**Try it**
The output should contain the listing word for word and no pictures.

**Collected material**
#####
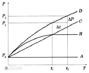 开始压强上升较快,而后渐渐减慢,最后变成斜率为ΔP/Δt的直线。这说明容器即有放气也有漏气。曲线D可以认为是B和C的叠加。如果出现曲线C和D的情况,则判定系统有漏气。
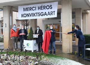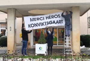 „Merci Héros Konviktsgaart“ prangt in großen Buchstaben auf dem drei Meter langen Banner, das die Familien der Bewohner am Eingang des Pflegeheims „Konviktsgaart“ in Luxemburg-Stadt aufgehängt haben. Sie wollen sich bei dem Personal des Heims bedanken. „Sie arbeiten Tag und Nacht seit dem Beginn der Pandemie“, heißt es in einem Presseschreiben.
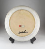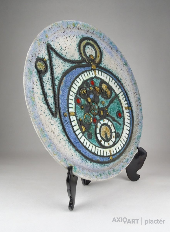 Hibátlan állapotú, jelzett, réz rátétes, óra díszítésű samott fali dísztál, dísztányér. Az egyik rátét máza sérült.
#####
**Solution to this exercise**
 开始压强上升较快,而后渐渐减慢,最后变成斜率为ΔP/Δt的直线。这说明容器即有放气也有漏气。曲线D可以认为是B和C的叠加。如果出现曲线C和D的情况,则判定系统有漏气。
 „Merci Héros Konviktsgaart“ prangt in großen Buchstaben auf dem drei Meter langen Banner, das die Familien der Bewohner am Eingang des Pflegeheims „Konviktsgaart“ in Luxemburg-Stadt aufgehängt haben. Sie wollen sich bei dem Personal des Heims bedanken. „Sie arbeiten Tag und Nacht seit dem Beginn der Pandemie“, heißt es in einem Presseschreiben.
 Hibátlan állapotú, jelzett, réz rátétes, óra díszítésű samott fali dísztál, dísztányér. Az egyik rátét máza sérült.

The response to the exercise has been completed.